[WHAT NEEDS TO BE DONE]: Nothing but the lines from the one containing "GMOインターネットグループの、GMOインターネット株式会社(代表取締役 社長執行役員:伊藤 正" through the last line of the data below should be returned, each exactly as it stands, pictures excluded.

Stored data entries
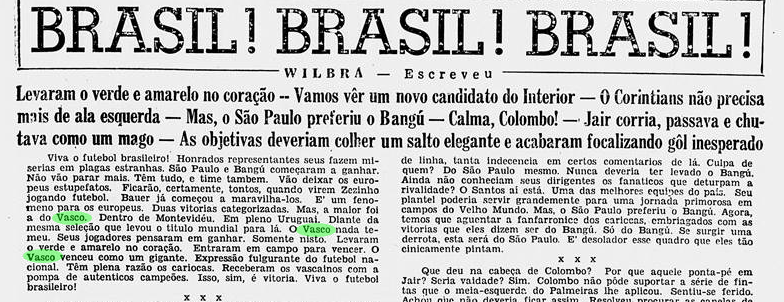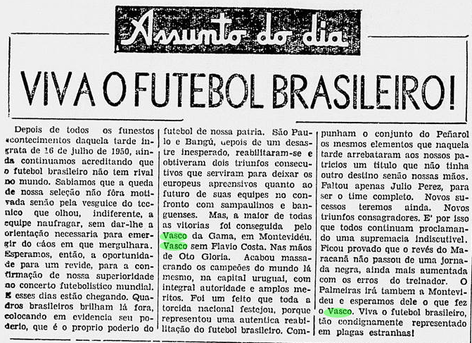 Mas a multidão não viu bem o que esperava: os brasileiros, que tanto sofreram na final da Copa, simplesmente massacraram os campeões do mundo na casa deles. Não teve Ghiggia, Schiaffino ou Obdulio que parasse o Vasco.
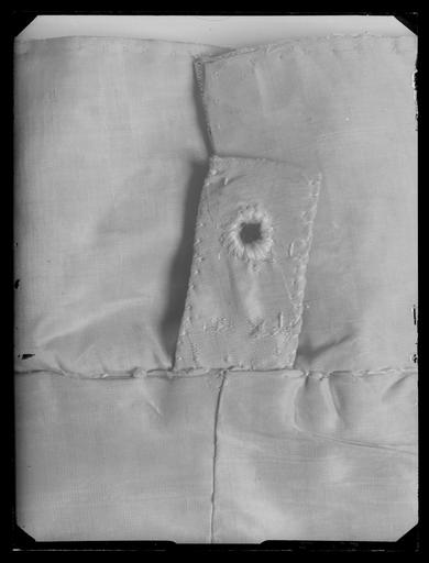 | Keywords: Kasack av scharlakansrött kläde som tillhört Karl X Gustav (1622-1660) - Livrustkammaren - 53948.tif LSH artwork sv I 1671 års inv upptas tre plagg kasack tröja och byxor Kasacken och byxorna är sydda av scharlakansrött kläde Tröjan av silverbrokad Kasacken är liksom nr 3407 skuren i ett helt bakstycke som sneddats ut åt sidorna och rundats nertill och mitt bak klippts upp så att ett 34 cm långt sprund erhållits De 2 framstyckena är raka framtill och har likaledes sneddats ut i sidorna De är 94 5 cm långa från axelsömmens högsta punkt Sidosömmarna är hopsydda Framstyckena har inga ökningar sånär som på synnerligen minimala triangulära kilar längst ut i sidorna nedtill Bakstyckethar ca 40 cm från nederkanten i sidsömmarna en triangulär kil 7 cm hög på båda sidorna Kasacken är lik den föregående fast den gjorts mindre vid även vad beträffar ärmarna som dock avviker genom sin helt öppna slits Ärmarna består av 2 större stycken De är längs hela framsidan öppna ända från axeln utefter kanten har små remsor skarvats på det övre stycket Klädet 23x20 tr/cm2 har en vådbredd av minst 95 eller 135 5 cm beroende av på vilken led av tyget bakstycket är skuret Styckena har sytts ihop så att de långa sömmarna i sidorna kastats samman med rosafärgat 2-trådigt högertvinnat silke 3 á 4 stygn/cm från avigan De små skarvarna har man tydligen bemödat sig om att göra eleganta och så osynliga som möjligt Ytterkanterna är ej infållade utan endast klippta och man har sytt fast fodret med tråckelstygn sedan dess ytterkanter vikts in Kring halslinningen är en liten slå av dubbelvikt kläde som på utsidan är 1 cm hög Fodret utgörs av cinnoiberröd nu starkt blekt moiré Vådbredden är 104 cm utan stad 64x37 tr/cm2 Stad 0 9 cm 10 vita 10 röda 15 gröna 1 röd tråd tuskaft Då icke heller fodret har någon skarv i ryggstycket så när som på hörnskarvarna i sidorna har man här utnyttjat tygets stora bredd Mitt i ryggen syns vecket från tygets moirébehandling vattring Kasacken är nu berövad all sin garnering Blott rester av trådar och stygn samt rader av hål antyda att plagget varit garnerat med knappar och spetsar Man omnämner i 1675 års Klädkammarräkning att silverspetsar sprättats bort för att begagnas i samband med Karl XI s kröning Sålunda har höger framstycke 2 5 cm från kanten små hål efter 37 knappar och ärmarnas öppna bakstycken visar att 31 knappar här suttit på samma 2 5 cm avstånd från kanten Likaledes har sprundet bak på högra skörtet hål efter 15 knappar Inga knappar har sytts genom fodret Plagget har ej varit mellanfodrat men papper ligger ännu kvar runt de flesta sömmar för att ge styrsel vid spetsarnas fastsättande Kasacken är malskadad Man kan på dylika ställen med relativ lätthet räkna trådarna/cm2 och konstatera att klädet vävts av ofärgat ullgarn som sedan ryggats och färgats ty de malätna partierna är ljusa I halsen är kaplitzen d v s bandet delvis bevarat Det består av ett dubbelvikt 1 7 cm brett rosafärgat ripsband 22 inlsagstr/cm original caption 1647 silk Färg cinnoiberröd d2 - dräkt - foder material siden - broadcloth Färg scharlakansröd d1 - dräkt - yttermaterial material kläde LRK Karl X Gustav av Sverige Modelejon 2002 place of origin original filename LN_E04612 68489 inventory number LRK 31928 53948 CC0 Kasack av scharlakansrött kläde som tillhört Karl X Gustav 1622-1660 - Livrustkammaren - 53948-negative tif <gallery caption Different images of same object > File Kasack av scharlakansrött kläde som tillhört Karl X Gustav 1622-1660 - Livrustkammaren - 45387 tif File Kasack av scharlakansrött kläde som tillhört Karl X Gustav 1622-1660 - Livrustkammaren - 62509 tif File Kasack av scharlakansrött kläde som tillhört Karl X Gustav 1622-1660 - Livrustkammaren - 28268 tif File Kasack av scharlakansrött kläde som tillhört Karl X Gustav 1622-1660 - Livrustkammaren - 19706 tif File Kasack av scharlakansrött kläde som tillhört Karl X Gustav 1622-1660 - Livrustkammaren - 1609 tif File Röd dräkt som tillhört Karl X Gustav från 1647 - Livrustkammaren - 48035 tif File Kasack av scharlakansrött kläde som tillhört Karl X Gustav 1622-1660 - Livrustkammaren - 45345 tif File Kasack av scharlakansrött kläde som tillhört Karl X Gustav 1622-1660 - Livrustkammaren - 53906 tif </gallery> Tops clothing Media contributed by LSH 2016-12 |
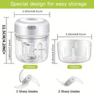 Effortlessly chop, grind, and mix with this portable electric garlic chopper, perfect for garlic, onions, ginger, chili, meat, and even baby food. Featuring a powerful 37W high-speed motor and 2 sharp 304 stainless steel blades, it delivers quick, uniform chopping in just seconds. The 1-cup capacity and wireless USB rechargeable 1200 mAh battery make it ideal for both home cooking and outdoor use. Built with food-grade PP material and a safety magnetic lock design, it ensures safe and hygienic operation by stopping the motor when the cover is removed. Easy to clean with detachable parts, this compact food processor is the ultimate kitchen gadget for fast meal prep.
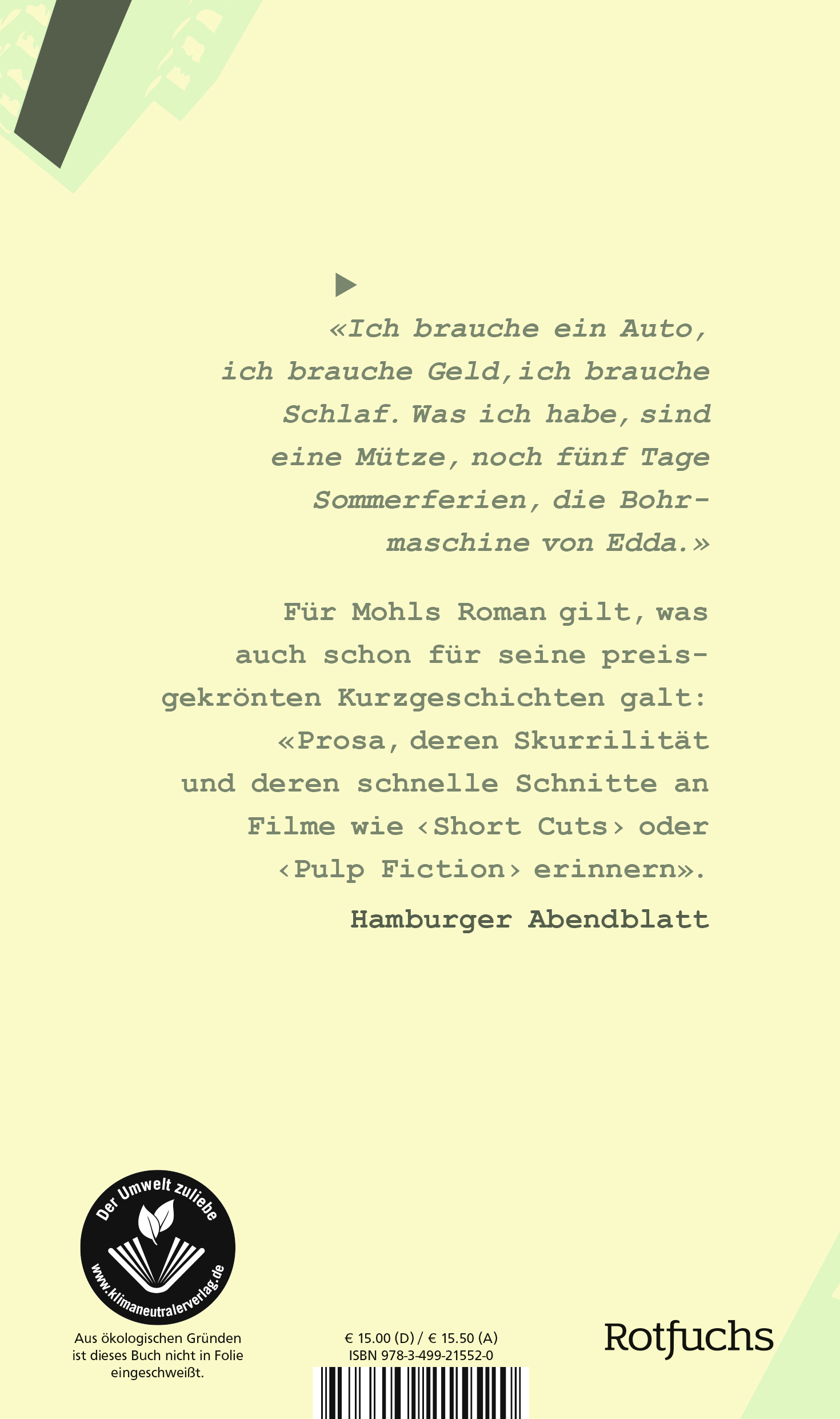 Stell dir vor, du bist 17 und lebst in den Hochhäusern am Stadtrand. Der Sommer ist heiß. Es ist Mittwochnacht, als dir Jackie den Kopf verdreht. Im Freibad. Fuchsrotes Haar. Sandbraune Haut. Stell dir vor, wie dir die Funken aus den Fingern sprühen vor Glück. Und plötzlich fliegt die Welt aus den Angeln: Zöllner erwürgt seine Frau. Edda, die 21-Jährige aus der Videothek, stellt dir nach. Mauser steigt mit Kondor in den Ring. Immer wieder meinst du, diesen Indianer mit der Adlerfederkrone zu sehen. Und dann zieht zum Showdown ein geradezu biblisches Gewitter auf - fühlt es sich so an, erwachsen zu werden?
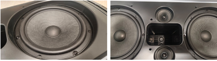 Низкочастоные динамики диаметром более 200 мм. Также на резиновых подвесах с ферритовыми магнитами. Сопротивление 4 Ом и заявленная мощность по 50 Вт каждый. Оба динамика свежие, от июня 2025 года.
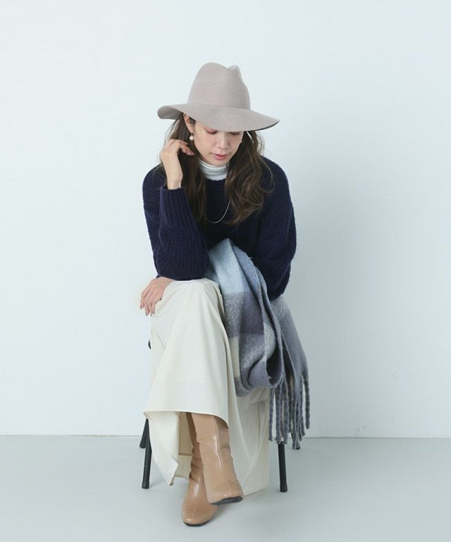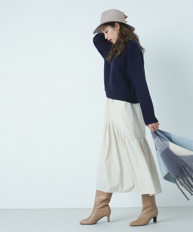 肌あたりふんわりと柔らかな「ウォーム感」のあるニット素材を使用。裏畦の編地で表情のあるシルエットを表現しました。
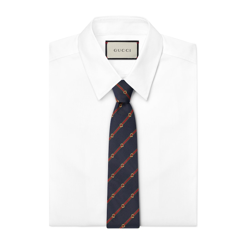 这款领带采用马镫桑蚕丝提花面料匠心打造,致敬品牌马术本源,为2025秋冬系列再添新作。互扣式双G与马镫刺绣交相辉映,为单品添注品牌内涵。
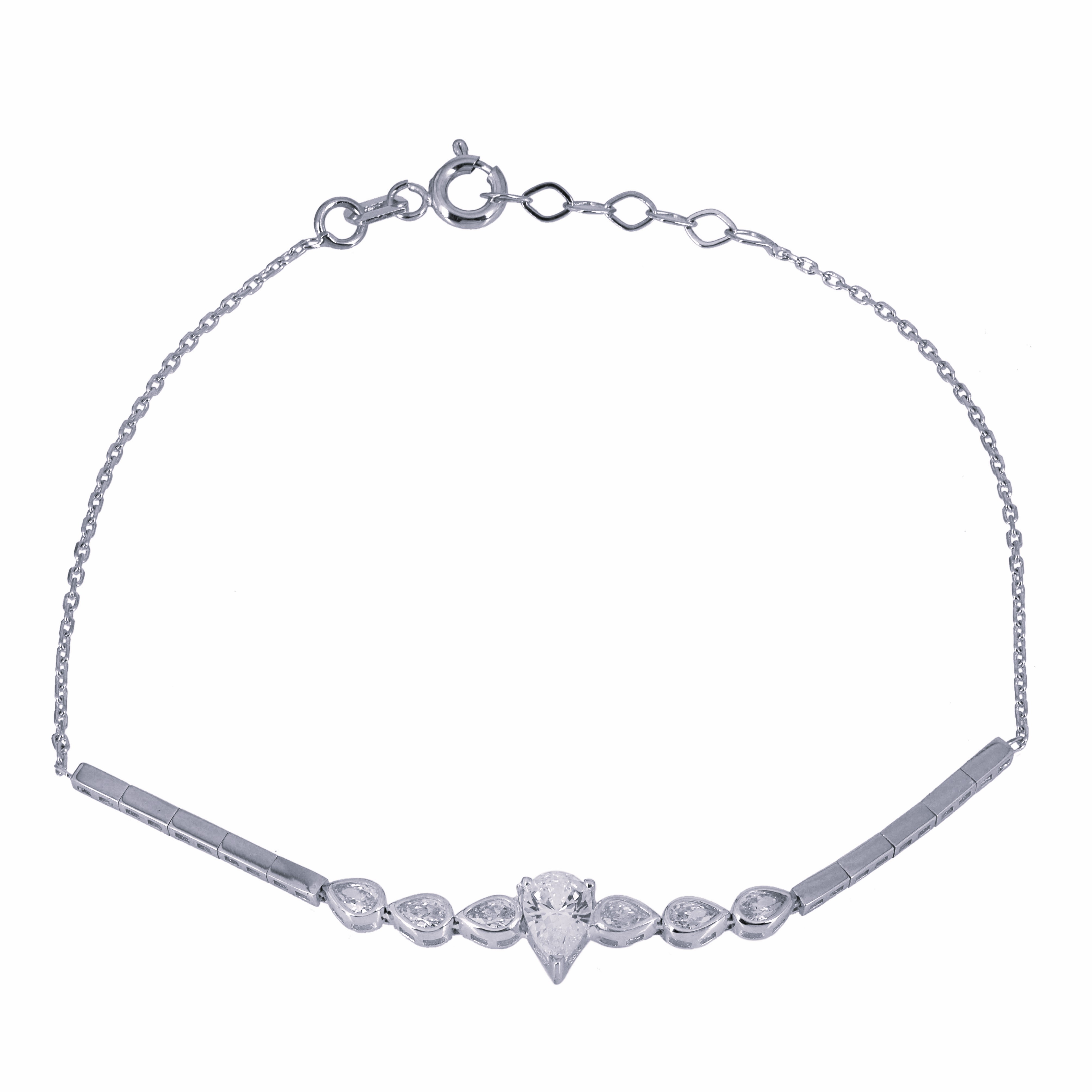Xρυσό βραχιόλι 14 Καρατίων διακοσμημένο από λουστρέ ορθογώνια σχέδια και μία κεντρική πέτρα ζιργκόν Swarovski σε σχήμα δάκρυ που περιτρυγυρίζεται από 3 μικρότερες πέτρες ζιργκόν Swarovski σε κάθε μεριά.
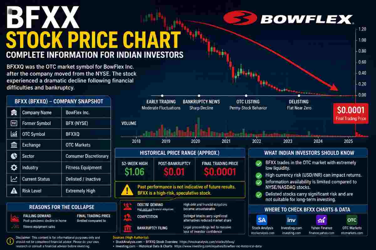 For investors in India who search for the BFXX stock price chart, the symbol usually refers to BFXXQ, the over-the-counter ticker that represented BowFlex Inc. after the company moved from the New York Stock Exchange to the OTC market. Understanding this stock requires more than simply viewing a price graph because the company went through a major financial collapse that changed how the chart looks today.
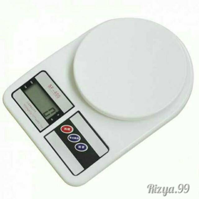 SEMUA FOTO YANG DIPAJANG ADALAH FOTO ASLI DARI BARANG YANG DIJUAL.BARANG AKAN SELALU DICEK SEBELUM PENGIRIMAN.PEKING INSYAALLAH AMANAH KAMI KE PUASAN ANDA.Timbangan Kue / Dapur SF-400 Digital Kitchen Scale10kg.Kelebihan Timbangan digital ini dibanding dengan timbangan konvensional :* Berteknologi High Precission Strain* Tampilan LCD dengan angka yang besar sehingga mudah terbaca.* Power: 2 x Baterai AA 1,5 volt (sudah termasuk)* Overload / Low battery indicator* Auto zero resetting.* Auto Power off (Mati sendiri bila tidak digunakan)Langkah-langkah menimbang dengan menggunakan wadah / media penampung (mangkuk,gelas dll) adalah sbb:- Letakkan timbangan pd tempat yg datar & diam- Hidupkan power timbangan hingga LCD tampil nol- Letakan wadah diatas plate bundar timbangan- Tekan tombol TARE hingga angka nol- Siap untuk menimbang.Mohon menanyakan terlebih dahulu sebelum memesan untuk ketersediaan stok ... Terimak
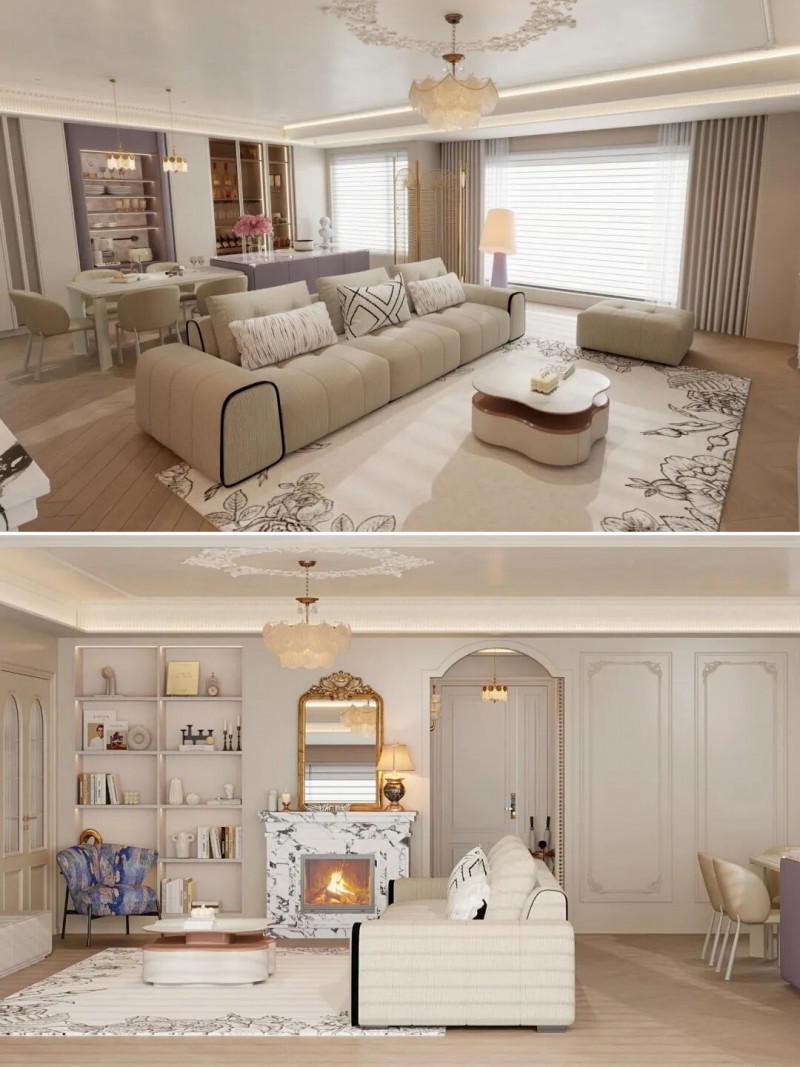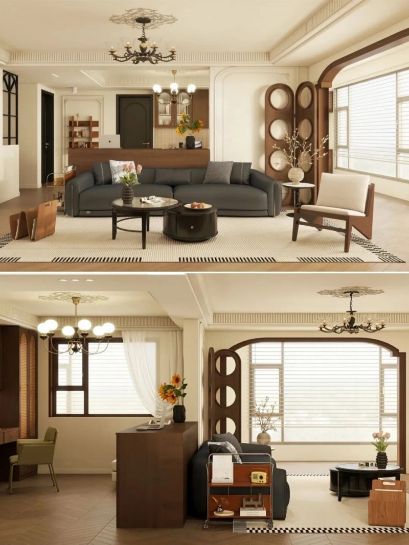 这种方式不阻挡光线,确保了空间的通透感。搭配一块契合区域形状的地毯,能进一步强化不同功能区的心理界限。
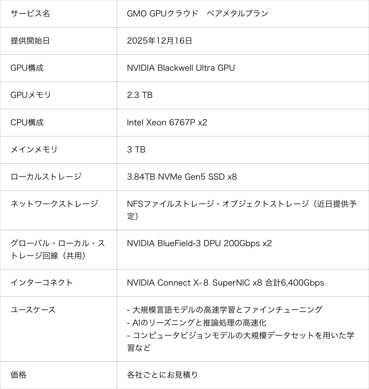 GMOインターネットグループの、GMOインターネット株式会社(代表取締役 社長執行役員:伊藤 正 以下、GMOインターネット)は、NVIDIAテクノロジで構築した高性能GPUクラウドサービス「GMO GPUクラウド」において、「NVIDIA Blackwell Ultra GPU」(URL: https://www.nvidia.com/ja-jp/data-center/technologies/blackwell-architecture/)を搭載した「NVIDIA HGX B300 AI インフラストラクチャ(以下、HGX B300)」を導入したクラウドサービスを、2025年12月16日(火)より国内最速クラスで提供開始いたしました。
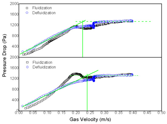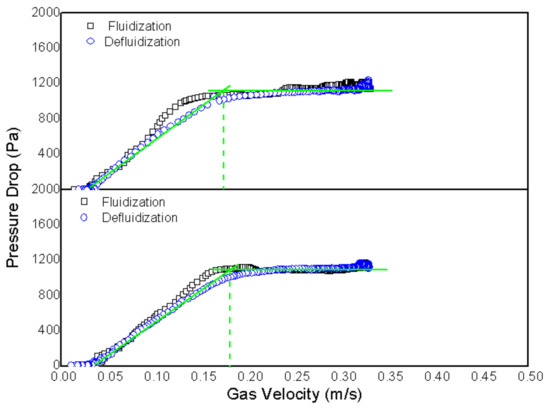 Tests were carried out to develop a bed pressure drop profile as a function of the bed fluidizing gas velocity. Thus, the minimum fluidization speed was obtained using a graphical method, as in other works such as Pécora et al. [26] and Lv et al. [24]. However, it is worth mentioning that although these works have defined Umf only through a fluidization process, there are works such as those performed by Rao and Bheemarasetti [27] and Qiaoqun et al. [13] who define this speed by performing a defluidization of particulate material. Each figure shows pressure drop profiles as a function of gas surface velocity and two fluidization and defluidization curves, thus representing the duplicate tests for each configuration of factors investigated.
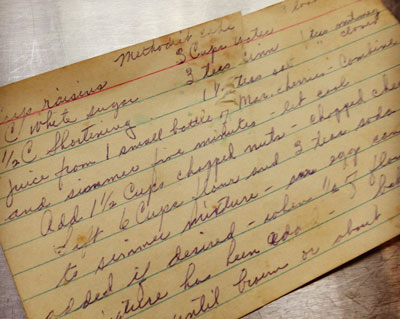 My mother lived on her own and in her own home up until about six months of her passing. Afterwards, we retrieved many of her most precious things: handmade quilts, picture albums, cookbooks, and a small box of handwritten recipes. After reading Alfonso’s blog, I located the small wooden box and thumbed through the index cards until I found it (mother’s Methodist cake recipe) complete with her greasy thumbprint at the top that made me stop for a moment to ponder this small testament of her being.
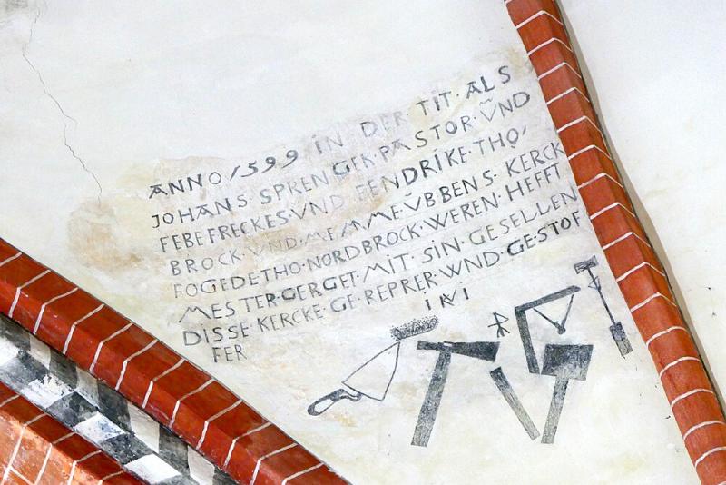 16 tekst ANNO 1599 IN DER TIT ALS/ JOHANS SPRENGER PASTOR VND/ FEBE FRECKES VND FENDRIKE THO BROCK UND MEMME VBBENS KERC/FOGEDE THO NORDBROCK WEREN HEFFT/MESTER GERGET MIT SIN GESELLEN / DISSE KERCKE GEREPRER. WND GESTOF/FER; hieronder twee huismerken en metselaarsgereedschap: troffel, dissel, beitel, winkelhaak, passer, hamer, schietlood; 1599 herstel vieringgewelf

[ANSWER TO THIS EXERCISE]:
 GMOインターネットグループの、GMOインターネット株式会社(代表取締役 社長執行役員:伊藤 正 以下、GMOインターネット)は、NVIDIAテクノロジで構築した高性能GPUクラウドサービス「GMO GPUクラウド」において、「NVIDIA Blackwell Ultra GPU」(URL: https://www.nvidia.com/ja-jp/data-center/technologies/blackwell-architecture/)を搭載した「NVIDIA HGX B300 AI インフラストラクチャ(以下、HGX B300)」を導入したクラウドサービスを、2025年12月16日(火)より国内最速クラスで提供開始いたしました。
 Tests were carried out to develop a bed pressure drop profile as a function of the bed fluidizing gas velocity. Thus, the minimum fluidization speed was obtained using a graphical method, as in other works such as Pécora et al. [26] and Lv et al. [24]. However, it is worth mentioning that although these works have defined Umf only through a fluidization process, there are works such as those performed by Rao and Bheemarasetti [27] and Qiaoqun et al. [13] who define this speed by performing a defluidization of particulate material. Each figure shows pressure drop profiles as a function of gas surface velocity and two fluidization and defluidization curves, thus representing the duplicate tests for each configuration of factors investigated.
 My mother lived on her own and in her own home up until about six months of her passing. Afterwards, we retrieved many of her most precious things: handmade quilts, picture albums, cookbooks, and a small box of handwritten recipes. After reading Alfonso’s blog, I located the small wooden box and thumbed through the index cards until I found it (mother’s Methodist cake recipe) complete with her greasy thumbprint at the top that made me stop for a moment to ponder this small testament of her being.
 16 tekst ANNO 1599 IN DER TIT ALS/ JOHANS SPRENGER PASTOR VND/ FEBE FRECKES VND FENDRIKE THO BROCK UND MEMME VBBENS KERC/FOGEDE THO NORDBROCK WEREN HEFFT/MESTER GERGET MIT SIN GESELLEN / DISSE KERCKE GEREPRER. WND GESTOF/FER; hieronder twee huismerken en metselaarsgereedschap: troffel, dissel, beitel, winkelhaak, passer, hamer, schietlood; 1599 herstel vieringgewelf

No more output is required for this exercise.